In addition, anatomical evidence shows a significant degree of convergence of form and motion processing in V1 (Fitzpatrick et al., 1994; Callaway and Wiser, 1996; Sawatari and Callaway, 2000) as well as V2 (Sincich and Horton, 2002). These connections may provide the substrate for our predicted interaction. Moreover, the perceptual and neural interactions between complex shapes and motion in early and mid-level visual areas (Kourtzi and Kanwisher, 2000; Krekelberg et al., 2003, 2005; Kourtzi et al., 2008) generally support the link between motion and form processing. Our current hypothesis, however, is more specific and awaits a direct experimental test.

The relative paucity of motion selective responses in V1 and V2 (e.g., Orban et al., 1986; Lu et al., 2010) may reduce enthusiasm to perform such tests.
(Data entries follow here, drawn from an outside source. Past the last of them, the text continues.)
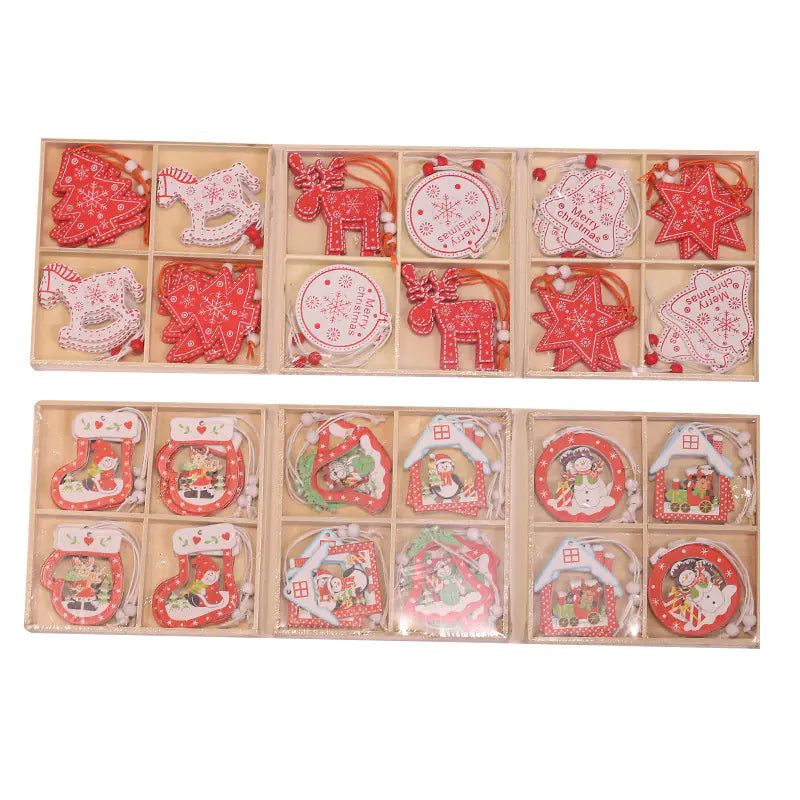 Creative Colorful Wooden Christmas Tree Ornaments Set
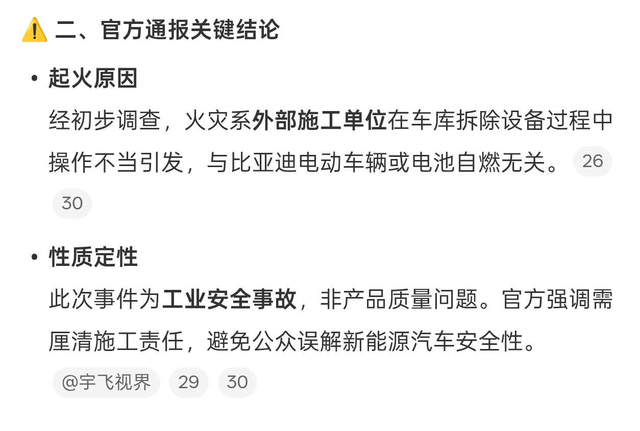 目前看到的原因是火灾系外部施工单位在车库拆除设备过程中操作不当引发,与比亚迪电动车辆或电池自燃无关。总有人想搞个大新闻,造谣的注点意吧。
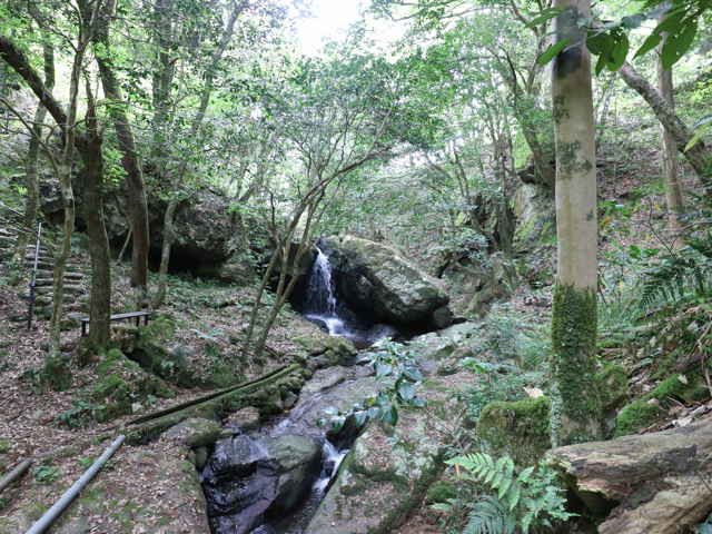 八雲村史の近世の神社の項に、「宝暦十四年(1764)当時の熊野の神社 五合瀧神社 (若松谷) 比婆山麓に有りかもちの瀧ともかつらの瀧とも云 川上に五合瀧在故熊野川之流を五合川と申 瀧坪之右岩窟に御座候得共大破仕唯今は社跡斗御座候 立彦霊神(髪髧瀧五合大明神『天文方御用手鑑』)」とあるので、天狗山登山道入り口にある「髢が滝」を訪れました。 |

Indeed, quantifying selectivity in the model is much easier than in an experiment because the model has no noise, and because we can record from model units for virtually unlimited time. We are currently developing closed-loop methods that use the model of a specific neuron to predict which specific subset of moving patterns would be most diagnostic for that neuron. This will greatly reduce the experimental time needed to test our hypothesis. In addition, it may be possible to exploit the fact that motion selectivity is not uniformly distributed across cortex (e.g., more motion selectivity in the thick stripes of V2; Hubel and Livingstone, 1987). Based on this one would expect that the spatial organization of four-point selectivity could also be non-uniform. Optical imaging experiments analogous to the work of (Lu et al., 2010) could test this prediction.

## Conclusion

A network with two recurrently connected hidden layers captured the selectivity of V1 and V2 neurons for multipoint correlations and generalized to new examples from the texture classes. Analysis of this network shows that perceptually salient four-point correlations can be detected by a network with diverse selectivity for all MSCT texture classes and with complex time courses that closely match the properties of V1 and V2 neurons. In this network, many units were motion tuned and the extent of motion tuning was correlated with tuning for the perceptually salient spatial multipoint correlations. This leads to the prediction of a specific overlap between tuning for complex form and motion in early visual processing.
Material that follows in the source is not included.